Говорит, полуотвернувшись от допрашиваемой, а сам косится: струсила или все еще держится? Людмила старалась «держаться», не показать страха, твердила: ничего не знаю, зря мучаете.
В конце концов решение принято: переправить в столицу.
— Я повезу, — сплюнул щелястый посланец Николаева. — У меня не сбежит.
Капитан переглянулся с очкариком. Если москвич представлял группировку сомнительного толка, то они — официальные лица. Что скажут в верхах, узнав о том, что с таким трудом задержанную секретаршу они передали неизвестной личности?
— Не получится, — возразил капитан. — Повезете вдвоем: вы и наш человек.

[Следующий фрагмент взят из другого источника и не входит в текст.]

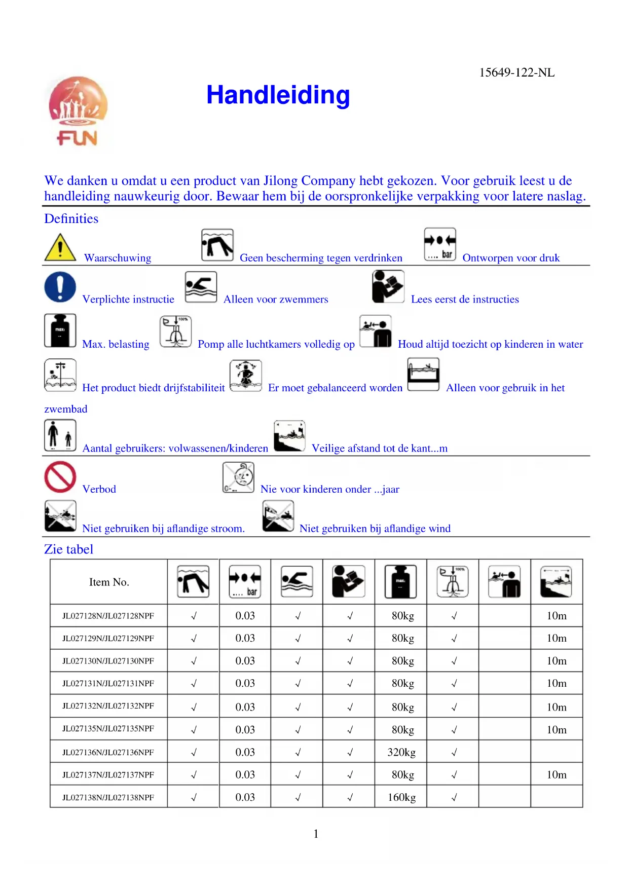 We danken u omdat u een product van Jilong Company hebt gekozen. Voor gebruik leest u de handleiding nauwkeurig door. Bewaar hem bij de oorspronkelijke verpakking voor latere naslag. Definities Waarschuwing Geen bescherming tegen verdrinken Ontworpen voor druk Verplichte instructie Alleen voor zwemmers Lees eerst de instructies Max. belasting Pomp alle luchtkamers volledig op Houd altijd toezicht op kinderen in water Het product biedt drijfstabiliteit Er moet gebalanceerd worden Alleen voor gebruik in het zwembad Aantal gebruikers: volwassenen/kinderen Veilige afstand tot de kant...m Verbod Nie voor kinderen onder ...jaar Niet gebruiken bij aflandige stroom. Niet gebruiken bij aflandige wind Zie tabel Item No.

До аэропорта проводит сержант.
— Не доверяете? — еще больше выпятил нижнюю челюсть москвич. — Забыли — мы с вами одной веревкой связаны, в одних браслетах ходим?
Торговались в присутствии Людмилы, словно она — не живой человек, а кусок деревяшки, манекен в витрине. Капитан, поддерживаемый очкариком, гнул свою линию, москвич — свою. Ни одна, ни вторая сторона не шли на компромисс.
Сдался москвич.
— Хрен с вами, кореши, согласен. Все одно телку везти в одну фирму. Только чтобы без фокусов, — снова переключился он на угрожающий тон.

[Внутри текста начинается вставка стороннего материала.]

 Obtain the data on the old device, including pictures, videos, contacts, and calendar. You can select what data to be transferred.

— Какие там фокусы, — отмахнулся капитан. — Ты действительно прав — одно дело делаем, одну голову подставляем.
На самом деле, милиционеры толком не знали с кем имеют дело. Внешне — представитель Министерства — об этом говорит удостоверение, подписанное Министром. По манере вести себя и жаргону — примитивный бандюга. Лучше опереться на первое, так спокойней. Пусть в Москве разбираются…
На улице потемнело, небо заволокли тучи. Будто наверху, в небесной канцелярии, стали постепенно гасить свет, лампочку за лампочкой.

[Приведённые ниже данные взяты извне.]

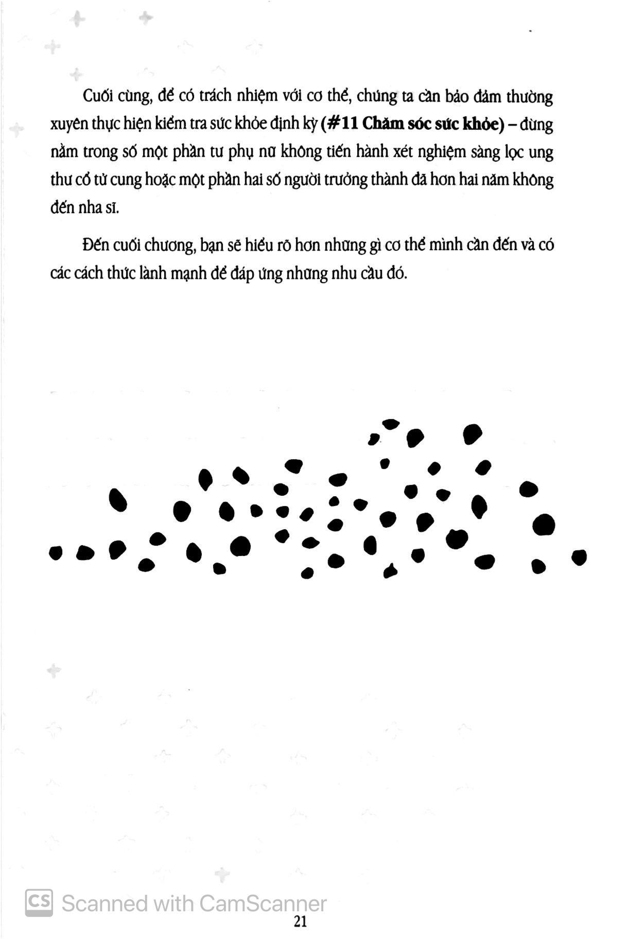 Nếu bạn không rõ phải bắt đầu từ đâu thì theo tôi, ba chương đầu tiên (Cơ thể, Tâm trí và Cảm xúc) là ba chương “căn bản” giúp bạn có được nền tảng vững chắc để thực hành chăm sóc bản thân.

Разместились в милицейском газоне по новой схеме: сержант сел за руль, рядом с ним устроился посланец Николаева, на заднем сидении — Людмила и очкарик.
Когда выбрались за город, окончательно потемнело. В ярком свете фар кружилась мошка, иногда перед носом машины дорогу перебегала какая-то живность.
— Погляди сюда, телка, — москвич вынул из-за пояса брюк черный пистолет. — Стреляю без промаха, учти. Надумаешь выпрыгнуть из машины — в лет подшибу, папу с мамой забудешь покликать на помощь.
Людмила покорно склонила голову. Ну, и дурень же достался ей в охранники! Как же бежать из мчащейся машины? К тому же, рядом сидящий прыщавый очкарик вцепился колючими пальцами в локоть.
Неожиданно милицейский «газон» обогнал верткий «жигуленок». Вильнул задом, будто проститутка, приманивающая выгодного клиента, и… резко тормознул. Сержант не успел ни свернуть в сторону, ни затормозить — в"ехал носом в задний бампфер нарушителя.
— Задний ход, падла, и — по нейтралке! — орал москвич, прижимая носовой платок к рассеченному лбу. — Скорей, дерьмовый сявка!
Но было уже поздно. Из пострадавших «жигулей» выскочило трое в натянутых на головы колпаках.
Димка профессионально вырубил сержанта-водителя, Юрка выбил из руки москвича пистолет и не менее профессионадбным ударом по горлу отправил его в забытье. Очкарик, позабыв про оружие в кармане, забился в угол сидения и выбивал зубами просьбу о пощаде.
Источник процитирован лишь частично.